A couple of weeks ago, my boyfriend and I journeyed out to West Texas for a summer stint. The house where we are staying in Marfa, something like a thousand square feet and awash with desert light—beautiful but hot—has only two underpowered window units to cool it. When we first walked inside, a wall of heat stopped us in our tracks. I made a beeline for the A/C, but the window unit in the living room seemed to only offer a whisper of relief. The first night, as we lay naked and very much awake, I came to realize that the luxury I’d been afforded in my apartment had effectively become a drawback. Without my ability to control the thermostat to 68 degrees, I couldn’t sleep. 

Grappling with my insomnia, I pondered the ways in which my overreliance on technology, and our cultural obsession with optimization—over our spaces, our bodies, even our sleep—have rendered me weak. I had survived West Texas before, and with only one window unit, so why was the heat suddenly so burdensome? By growing accustomed to certain comforts, I’d become vulnerable without them. There seems to be a growing tension between our interior life and the outside world: indoors, we increasingly make our environments as convenient and comfortable as possible while outside our climate-controlled spaces, the natural world becomes more and more chaotic.

As our climate gets hotter, our dependency on cooling has also caused a negative feedback loop. The more energy we consume to cool down, the more emissions we create, contributing further to the problem that got us here in the first place. Meanwhile, there’s a real gap in those regions of the world that may need to rely on cooling for survival. Currently, only 8 percent of folks living in the hottest parts of the world have A/C in their homes. A Harvard study projected that by 2050, at least 70 percent of the population in certain countries will require air conditioning if the rate of emissions continues to increase. 

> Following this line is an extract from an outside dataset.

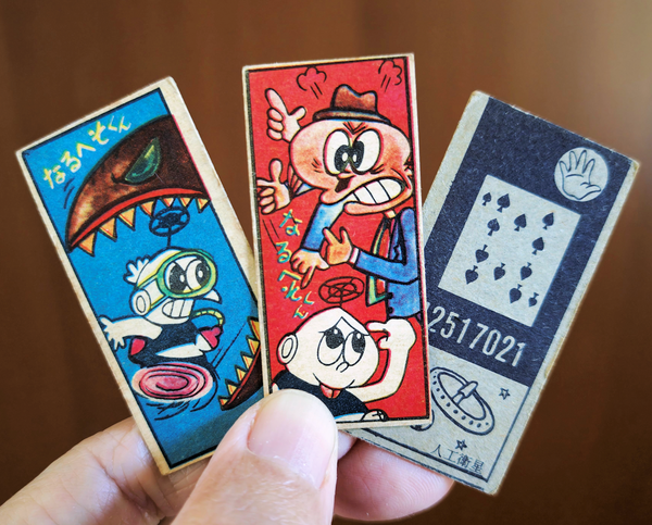 ということで、メルカリやヤフオクを探してみるとありました『なるへそくんカルタ』やら『なるへそくんメンコ』など。これはもう入手するしかないということで、入手したのが記事冒頭の写真のメンコである。『なるへそくん』の作者は、山根青鬼で、弟の山根赤鬼とともに、当時はなかなかの人気マンガ家でありました。

Remote and without access to many of the modern luxuries city-dwellers have grown accustomed to—overnight shipping, for example, or easy access to consistently fresh produce—far West Texas has a way of testing one’s mettle, and of winnowing out those with more delicate constitutions. But the place also serves a reminder that we are endlessly adaptable. Over the past few days, I’ve discovered new ways to stay cool. Each night before bed, I take a cold shower—more energy efficient and yet equally effective as A/C. Who needs to wear a blanket in the summertime? As for the peak heat of the day, I’m trying to embrace a more hard-bitten, old-school Texan approach, becoming more comfortable in my discomfort, waiting patiently for evening to arrive, or else, as McCrae did, seeking solace in the shade.